This repository contains a version of the Northwest River Forecast Center (NWRFC) autocalibration tool for parameterizing the National Weather Service River Forecast System (NWSRFS) models using an evolving dynamically dimensioned search (EDDS). NWSRFS, originally developed in the late 1970s, remains a core component of the NWS Community Hydrologic Prediction System (CHPS). This framework supports simultaneous calibration of a suite of NWSRFS models across multiple zones, including: SAC-SMA, SNOW17, Unit Hydrograph, LAGK, CHANLOSS, and CONS_USE. See the NWSRFS documentation for more detail on each individual model.
Language: R
Package Dependency: nwrfc-hydro R package
-
Install R.
-
Install these R packages:
install.packages(c('xfun','import','devtools')) -
Install the
rfchydromodelsR package which requires a Fortran complier. This package has been tested with gfortran. See here for an easy option on MacOS.
From R:
devtools::install_github('NOAA-NWRFC/nwsrfs-hydro-models',subdir='rfchydromodels')or from the command line:
git clone https://github.com/NOAA-NWRFC/nwsrfs-hydro-models.git
cd nwsrfs-hydro-models
R CMD INSTALL rfchydromodels- The autocalibration scripts will try to install a number of R packages when run. If this fails you may need to install the packages manually.
NOTES:
-
Due to its use of fork-based parallelism, the tool is not compatible with Windows systems.
-
The code has been tested only with a 6-hour timestep. Use with other timesteps may require additional configuration and validation.
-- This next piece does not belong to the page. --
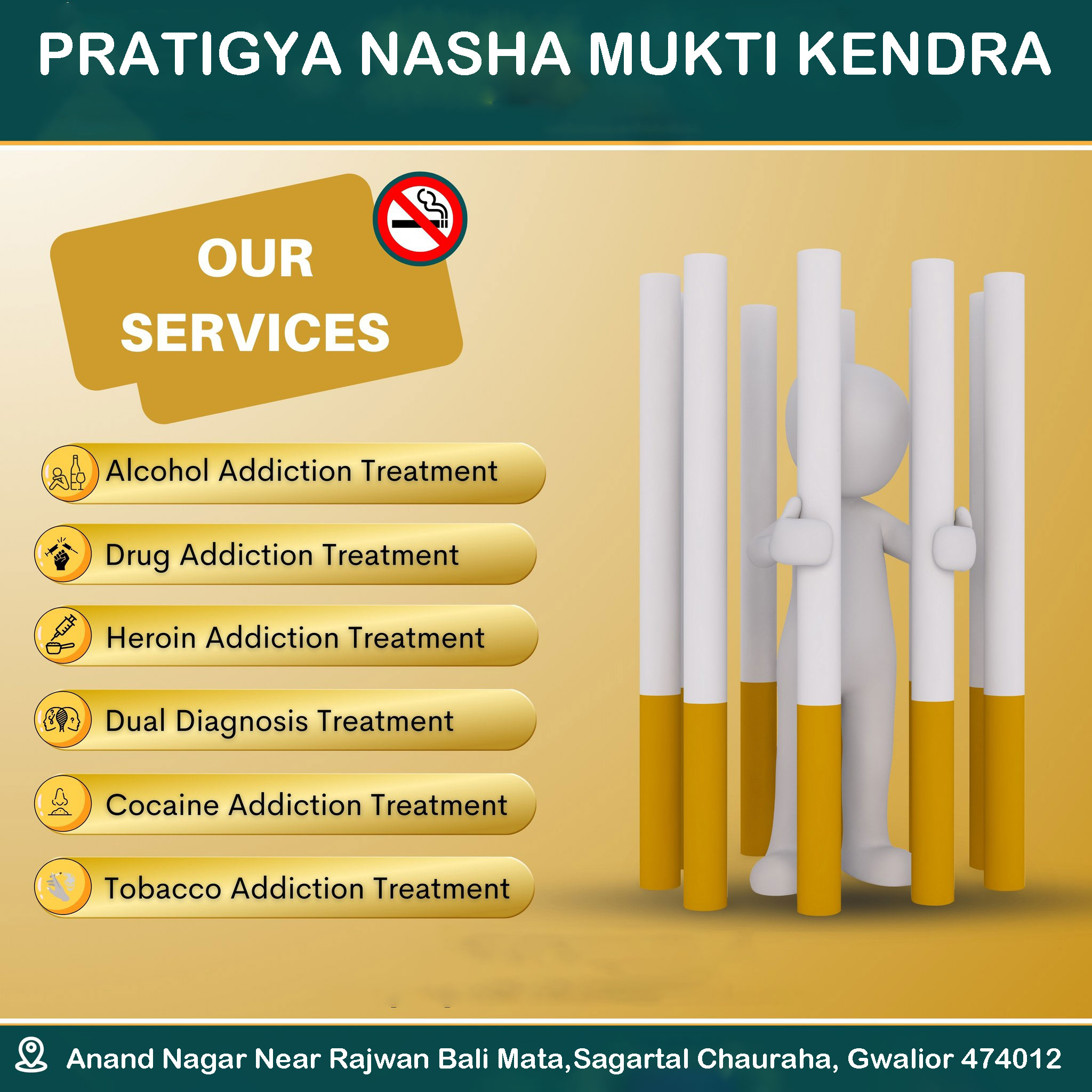 Pratigya de addiction centre is a renowned rehabilitation centre in Gwalior. Our unwavering dedication is directed towards the profound transformation of lives ensnared by addiction. At our core, we aim to combat the deeply entrenched stigma associated with addiction while offering unwavering support to those in dire need. Since our inception, we have tirelessly pursued the goal of illuminating the path to recovery for countless individuals and families.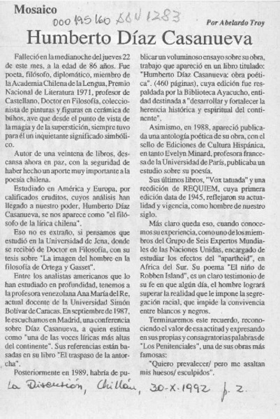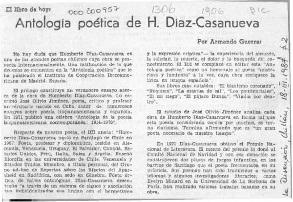 Antología poética de H. Díaz-Casanueva [artículo] Por, Armando Guerra.

There are five basin directories included in this repo that serve as examples which utilize all the features of the auto calibration tool.
Example Basins
| NWSLI ID | Name | USGS # | Zones | Description |
|---|---|---|---|---|
| FSSO3 | Nehalem at Foss, OR | 14301000 | 1 | Rain-dominated (CAMELS) |
| SAKW1 | Sauk nr Sauk, WA | 12189500 | 2 | Rain/Snow-dominated, LAGK example (CAMELS) |
| SFLN2 | Salmon Falls nr San Jacinto, NV | 13105000 | 2 | Arrid basin, CONS_USE and CHANLOSS example |
| WCHW1 | Sauk ab White Chuck, WA | 12186000 | 2 | Rain/Snow-dominated, routing reach to SAKW1 (CAMELS) |
| WGCM8 | MF Flathead nr W Glacier, MT | 12358500 | 2 | Snow-dominated (CAMELS) |
*supporting files are stored in the runs/ directory
We recommend that you complete at least 4 cross validation runs in addition to the full period of record run to evaluate the calibration for any potential issues.
# period of record run
./run-controller.R --dir runs/2zone --objfun lognse_kge --basin WGCM8
# cross validation
./run-controller.R --dir runs/2zone --objfun lognse_kge --basin WGCM8 --cvfold 1
./run-controller.R --dir runs/2zone --objfun lognse_kge --basin WGCM8 --cvfold 2
./run-controller.R --dir runs/2zone --objfun lognse_kge --basin WGCM8 --cvfold 3
./run-controller.R --dir runs/2zone --objfun lognse_kge --basin WGCM8 --cvfold 4
# postprocessing
./postprocess.R --dir runs/2zone --basins WGCM8
# cross-validation
./cv_plots.R --dir runs/2zone --basins WGCM8
Any of the example basins could be swapped into this same workflow.
Refer to the example basins in the runs/ directory for the expected directory structure and file formats.
[LID]/
├── flow_daily_[LID].csv # Daily average flow observations (optional)
├── flow_instantaneous_[LID].csv # Instantaneous flow observations (optional)
├── forcing_por_[LID]-[zone #].csv # Forcing data for each zone (MAP, MAT, PTPS)
├── pars_default.csv # Default parameter file (-99 indicates the parameter will be optimized)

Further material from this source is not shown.